June 1, 2012 Recent News
A study funded by GE and ACS showed that laxative free CT colonoscopy can find polyps over 1 cm in diameter. Small polyps may be missed. It is done by a low fiber diet and giving small doses of radioactive iodine by mouth for two days prior. The isotope binds with the stool and can be removed from the image electronically. The study does not give the costs but does state that if something is found conventional colonoscopy with laxatives will be needed to remove the lesion.
If Obamacare is declared invalid in the individual mandate and Medicaid portions, the healthcare insurers will lose $1 TRILLION. That is a huge number and most of that money would go to others since at least 80% must go for healthcare. But, don't cry for them. If the law is kept intact the insurance industry will still keep $174 Billion. That is not chump change.
About 13.5 million people now have high deductible HSA insurance. This is an 18% increase over last year. It only shows that people are getting smarter.
The government believes it is safer for physicians to use CPOE for prescriptions than hand writing. It may be but there is a large percentage of electronic prescriptions that are erroneous due to either the physician or more likely the assistant being over wrought due to time constraints. Why is this never discussed? Could it be it doesn't comport with the wishes of the government?
Politico writes that even if the Supreme court deems health exchanges legal that they may not come into fruition due to IT concerns. The states need to have systems that talk to the feds and the other systems in the states. They can not talk to the other systems and the feds have, as usual, delayed any mention of their system. Many state Medicaid systems are not even computerized at all. The costs for all this are also prohibitive in the cash stripped states.
The law of unintended circumstances continue to plague the "thinking" of the government. In a recent study it was shown that the rises in health care costs are not unnecessary care caused by fee for service but are caused by an actual rise in prices. Therefore ACOs and their ilk will not save any money if they charge the same or more for the services rendered.

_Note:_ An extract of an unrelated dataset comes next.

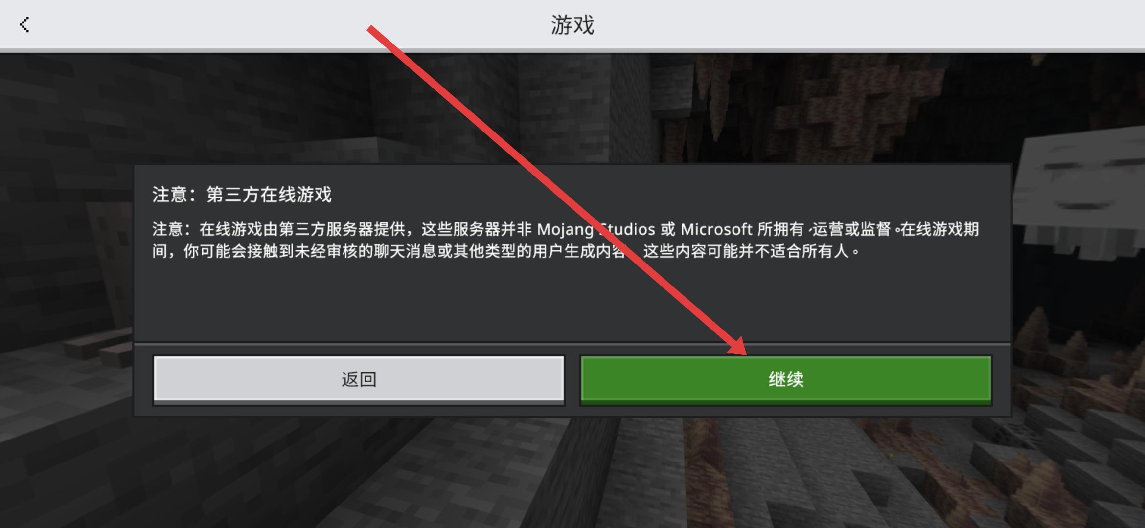 2、后续可能会弹出第三方服务器的提示框,需要阅读提示后点击继续,确认进入在线服务器的模式。

It seems that medical paperwork is well and alive. Documents being stored all almost exclusively paper and are not being digitalized. Digitalizing a box of 200 medical records cost about $100 and storing the same box of cords is $15 per year. It is cheaper in the short run to store and not digitalize.
The insurers are putting high cost medications in a separate classification that costs the patient much more money. Why do this? The answer is obvious, money saved for the insurer who are then able to hold down premium. What they have done is add a tier 4 which people pay much more in co-pays for the meds in this class. New York State has forbidden these tier 4 classes and the premiums for insurance go up accordingly as someone must pay the cost.
Veterans in the San Francisco Bay Area are continuing to get the run around from the inept VA system. It takes at least six months to get even a form to fill out for benefits. They then wait about one year to find out if they qualify for assistance.
Again the US Preventive Services Task Force has stated that PSA tests should not be performed. Remember this organization has no urologists nor oncologists as members. The chair of the organization does not have to worry about prostate cancer as it is a woman. The other person commenting is a male MD in IT at a University and with little if any clinical experience. No Urologist nor plaintiff attorney will pay any attention to this stupid advice.
The same organization has come out that Hormone replacement therapy in women who are past menopause should not take the meds to prevent bone fractures, heart problems or dementia. They may take it to fight symptoms of menopause. Another recommendation that will not be followed. Many physicians believe that the dangers of hormone replacement are overblown.
According to an article in Health Affairs, most insurance companies are not yet in compliance with Obamacare's insurance mandates. The benefit section must be beefed up and the out of pocket expenses for individual members must not be over a certain threshold. Of course this means that premiums will be raised to cover government mandates. This is especially true for those plans that get a lot of people with pre-existing conditions.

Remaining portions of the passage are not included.